● TASK TO COMPLETE: Going line by line through the records below, write out everything starting with the line containing "[17302919]【特价出" and going on through the line containing "afterwards. On the", exactly and inclusively. Pictures do not go in.

● DATA EXTRACT:
_ _ _
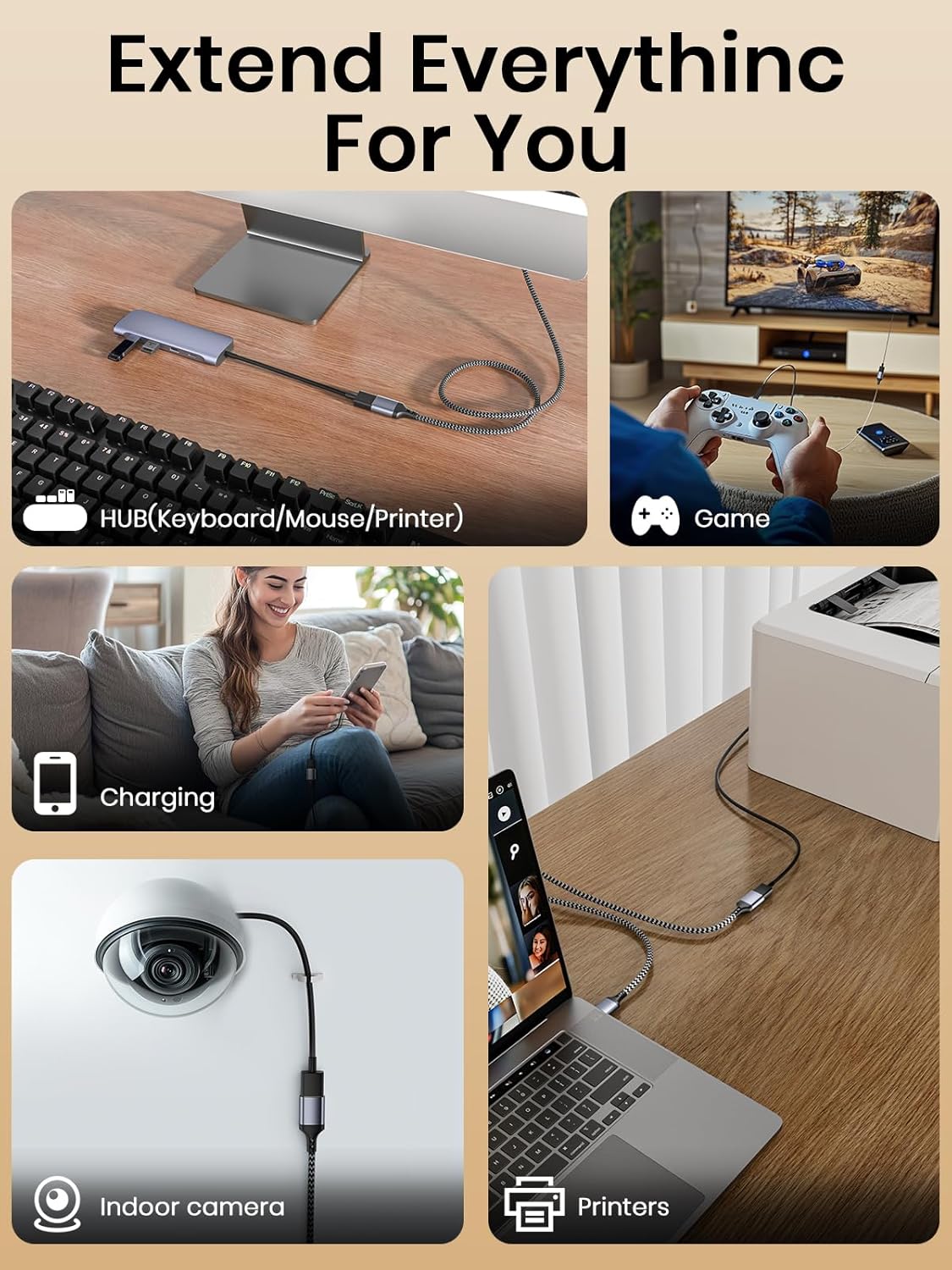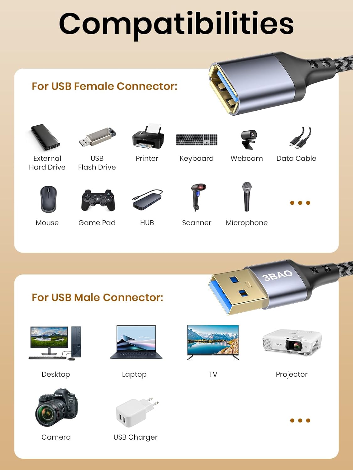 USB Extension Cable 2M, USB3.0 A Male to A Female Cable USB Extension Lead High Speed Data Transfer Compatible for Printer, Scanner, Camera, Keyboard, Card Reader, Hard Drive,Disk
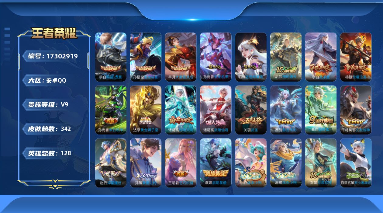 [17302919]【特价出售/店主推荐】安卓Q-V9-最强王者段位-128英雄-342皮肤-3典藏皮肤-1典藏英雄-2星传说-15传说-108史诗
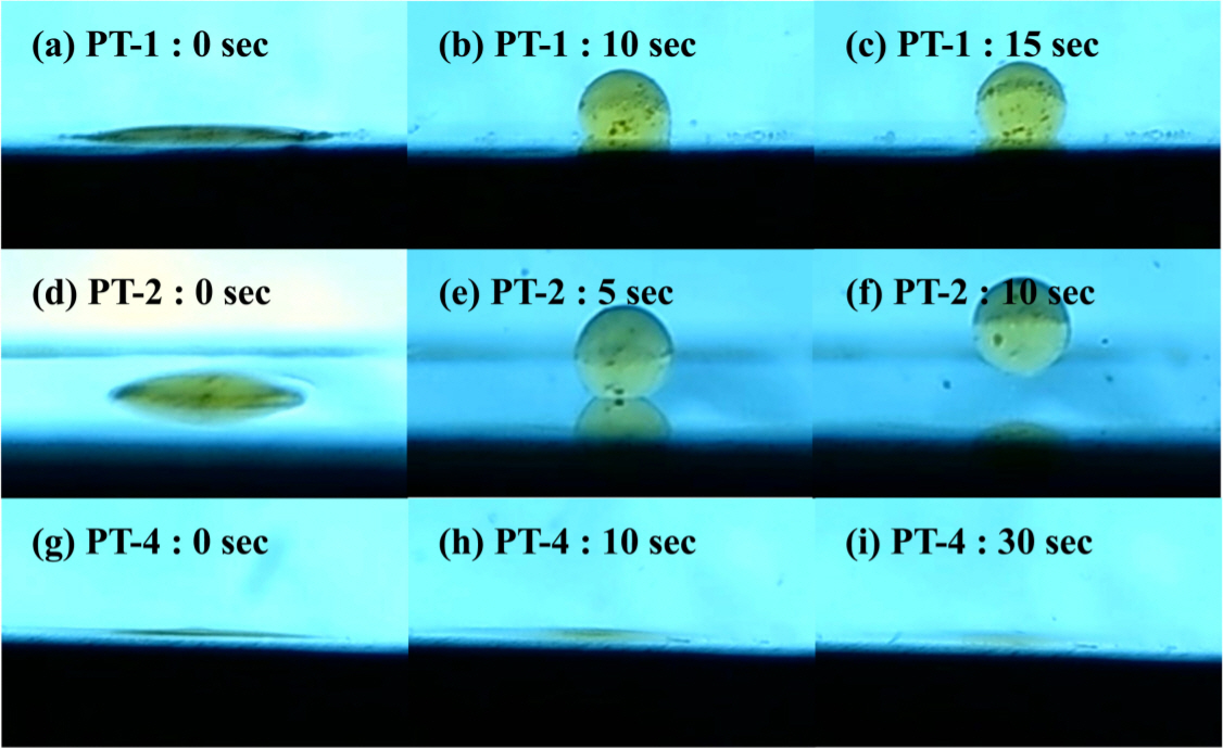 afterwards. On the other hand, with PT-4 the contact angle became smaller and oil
_ _ _
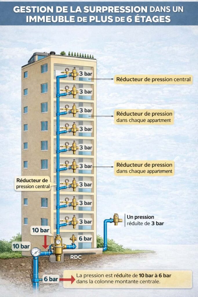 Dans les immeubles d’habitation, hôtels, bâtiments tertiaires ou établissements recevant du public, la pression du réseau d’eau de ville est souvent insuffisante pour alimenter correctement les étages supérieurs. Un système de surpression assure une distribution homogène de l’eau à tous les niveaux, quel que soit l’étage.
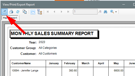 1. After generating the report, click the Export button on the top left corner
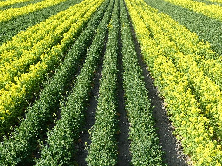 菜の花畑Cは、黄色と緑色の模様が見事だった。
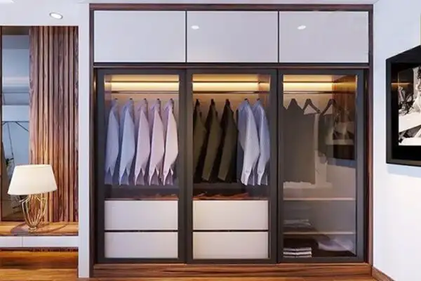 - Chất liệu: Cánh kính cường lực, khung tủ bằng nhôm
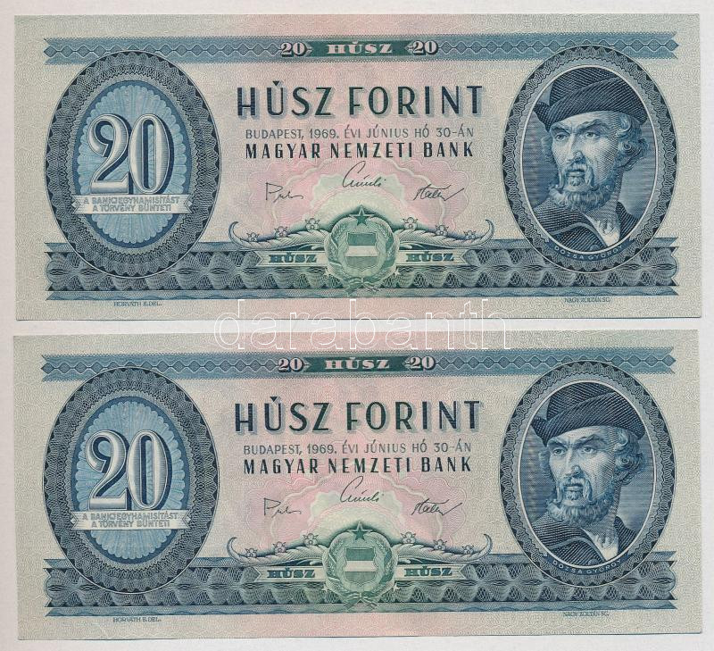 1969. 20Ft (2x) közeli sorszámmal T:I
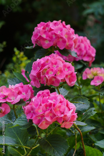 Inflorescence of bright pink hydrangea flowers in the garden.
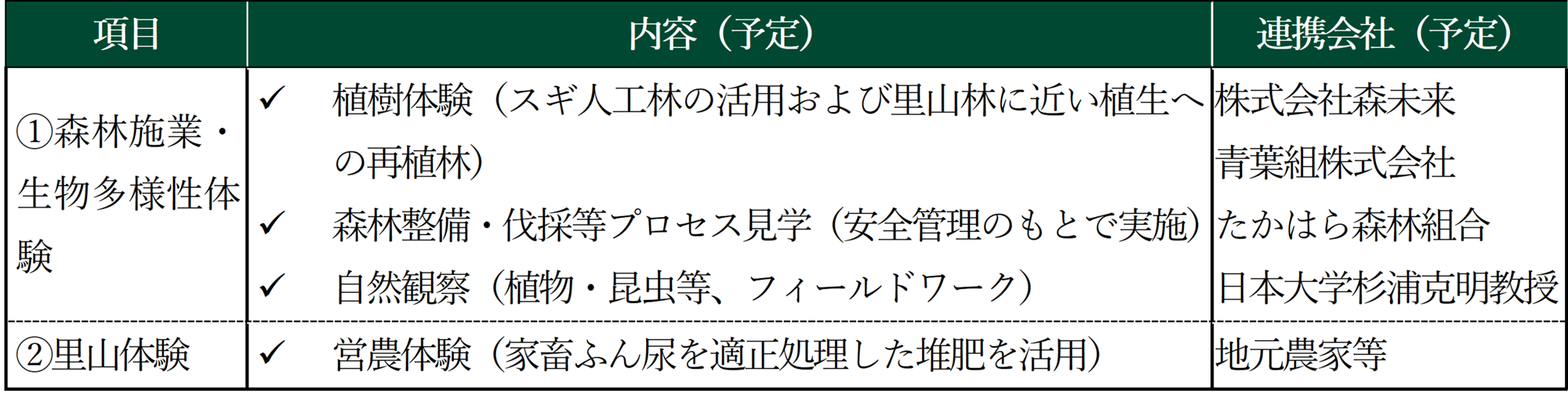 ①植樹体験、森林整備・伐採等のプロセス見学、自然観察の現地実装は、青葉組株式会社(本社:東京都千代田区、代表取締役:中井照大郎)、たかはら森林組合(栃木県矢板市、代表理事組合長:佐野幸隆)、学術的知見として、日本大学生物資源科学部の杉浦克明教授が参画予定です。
_ _ _
● SOLUTION:
 [17302919]【特价出售/店主推荐】安卓Q-V9-最强王者段位-128英雄-342皮肤-3典藏皮肤-1典藏英雄-2星传说-15传说-108史诗
 afterwards. On the other hand, with PT-4 the contact angle became smaller and oil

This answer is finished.